Drive-By Pharming In the Wild
An anonymous reader writes "Symantec reported Tuesday that the first case of drive-by pharming, in which a hacker changes the DNS settings on a customer's broadband router or wireless access point and directs the link to a fraudulent Web site, has been observed in the wild. The first drive-by pharming attack has been observed against a Mexican bank: 'It's associated with an e-mail pretending to be from a legitimate Spanish-language e-greeting card company, Gusanito.com,' says Symantec Security Response principal researcher Zulfikar Ramzan. Inside the e-mail is an HTML image tag but instead of displaying images, it sends a request to the home router to tamper with it."
So, I suppose this "hack" fails entirely on any router which... well, either has a default password or (like any high end router) doesn't use HTTP basic authentication? No worries for me, my 3com is safe as houses.
For a site about things like basic rights, Slashdot users sure do like to censor "dissent".

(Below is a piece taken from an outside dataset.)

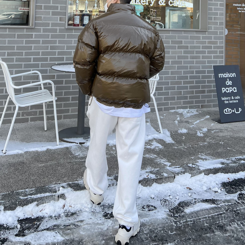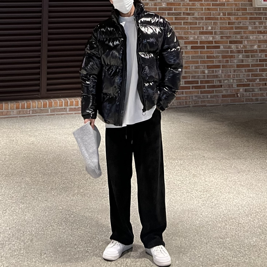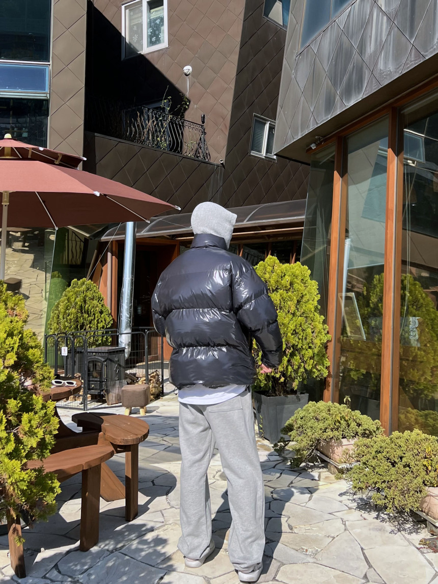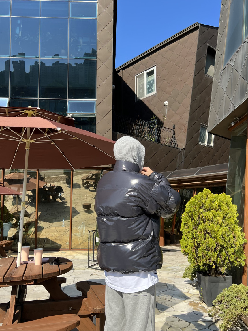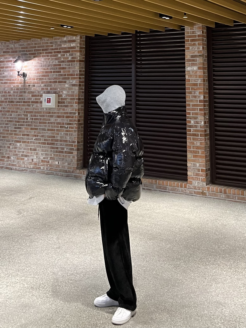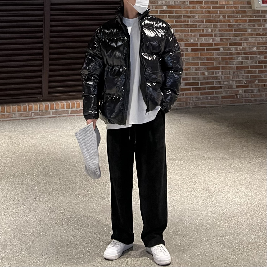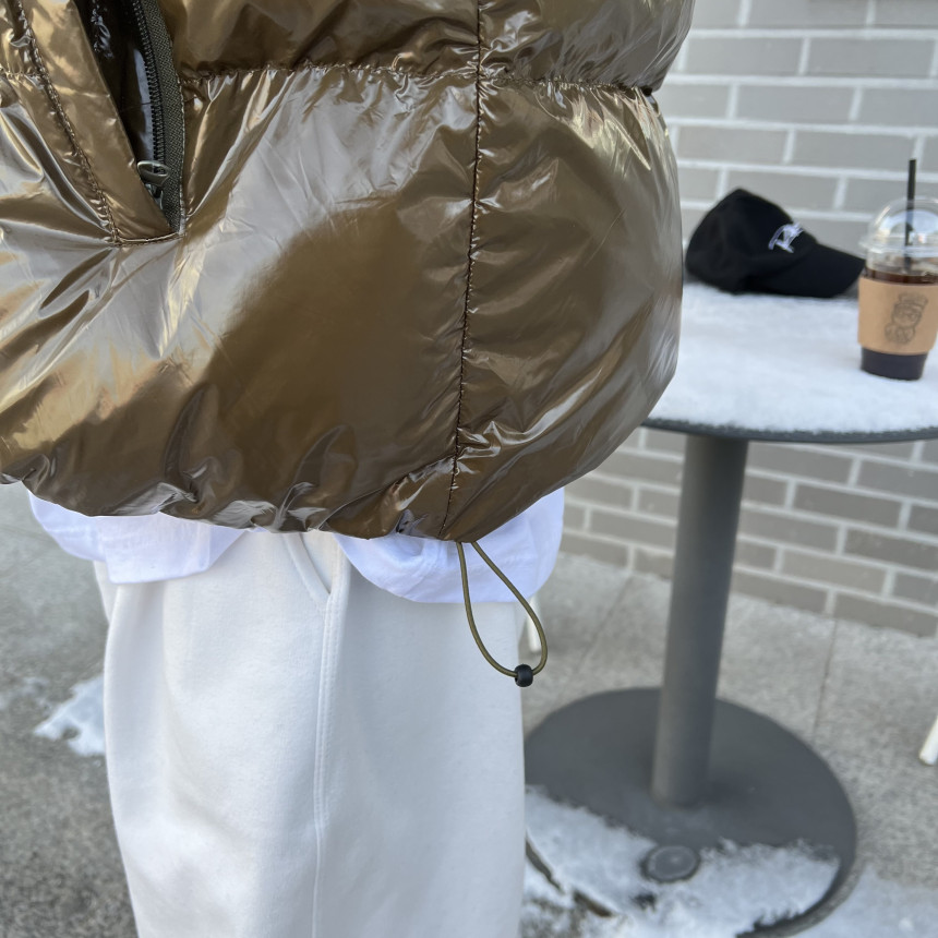 glossy padded vest 제품의 패딩 점퍼 버전이며

If Bioware can sell $30 software with unique CD-Keys printed on the inside of each jewel case, why can't Linksys sell $40 routers with unique admin passwords printed on each manual. Or better yet, make the default password the last 6 digits of the LAN side MAC address, that can't be terribly hard to manufacture.
Seriously, you could even honestly market them as "more secure."
Or maybe force users to change the password.
:P
Which one makes more sense?
nothing to see here... move along, folks
I presume you're being funny. What you're doing there is just as likely to land you in the hoosegow as a suspected terrorist or something of that nature as it is to make you money. This is not a time in U.S. history where being a Good Samaritan is even remotely a good idea.